Donald Wayne Higginbotham had plenty to say about both issues, but mainly he wanted to know when McGuffie Drive was going to be fixed.
“It is a dangerous road and somebody is going to get hurt or killed up there,” Higginbotham said. “Y’all have tabled this thing, and the road is going to dry up and blow away before you get up there and fix it. We’ve been on y’all 10 years now and every time we come out here, y’all table it and don’t want to do nothing about it. But y’all can come down here in town, shut an alley down and build a Dollar General. How can y’all put a place in there that’s residential and it is not commercial when you got two churches sitting there and this business is going to be open on Sundays? These Christians out here are going to raise Cain about it. Y’all don’t think about this stuff. Y’all motion this and motion that. My child makes better decisions than that. I’m being honest with you. You need to grow up. You need to get out here and try to do something.”
Higginbotham said that on one occasion not to long ago, an ambulance blocked the narrow road for more than an hour. “Nobody could get in, nobody could get out,” he said. “We really need your help on this, and that needs to be a priority. I am asking y’all to help us.”
Higginbotham also complained about not being able to get in touch with the council member who serves his district, but before the council meeting was over, Higginbotham had the councilman’s telephone number.
Mayor Lanis White said some money was available from the 2-cent gas tax.
“The council and I are going to look at the condition of these roads and try and prioritize,” White said. “I’m sure McGuffie Drive would be in the top two or three, for sure. It could be our worst road, I don’t know. But you are right, and we hear you.”
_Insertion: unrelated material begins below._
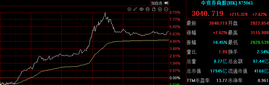 A股券商股午后持续走强,广发证券、华泰证券、国盛金控涨停,中信证券等大幅冲高。港股市场中资券商股亦大爆发,中资券商股指数一度大涨近9%。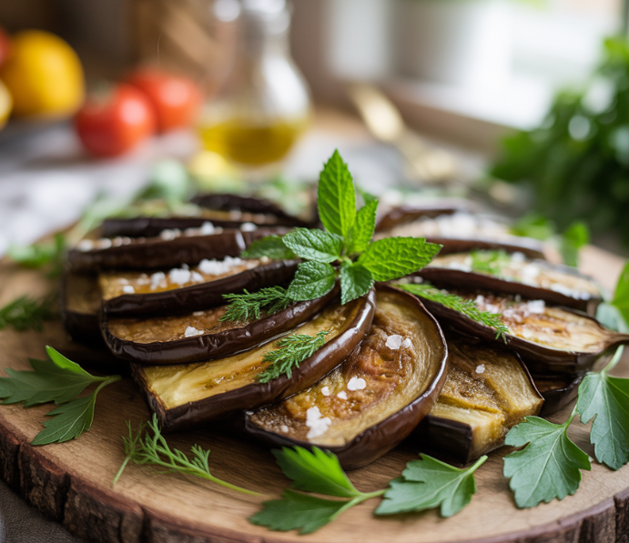 구운 가지 샐러드: 슬라이스한 가지를 에어프라이어에 구운 후 올리브유와 발사믹 식초, 채소를 곁들여 샐러드로 즐기면 가볍고 건강한 한 끼가 됩니다.

McGuffie Drive has about 21 residences.
Other roads in Ragland the council agreed need work include 7th Ave., 4th Street, 17th Street, 21st Street, 23rd Street and McEwen Road.
Another resident upset that a new Dollar General is being built in a residential area of town is former councilman Bobby Davis.
“The Dollar General we have right now has been broken into two or three times this past year and has been broken into in past years,” Davis said after the meeting Monday. “Now what they will be doing is bringing this into a residential section where you have churches and people living on both sides of it. It’s still going to be broken into, in my opinion, and it’s going to be built in my backyard.”
Davis lives on 10th Street, and plans are to build the new Dollar General on 9th Street. He said this location will give thieves the opportunity to hide.
“When they go through my backyard and everyone else’s backyard, they are going to see things they will come back and steal,” Davis said. “They are able to put this business in the residential area because there are no zoning laws in Ragland. I want everybody to know that I am very displeased with what’s going on.”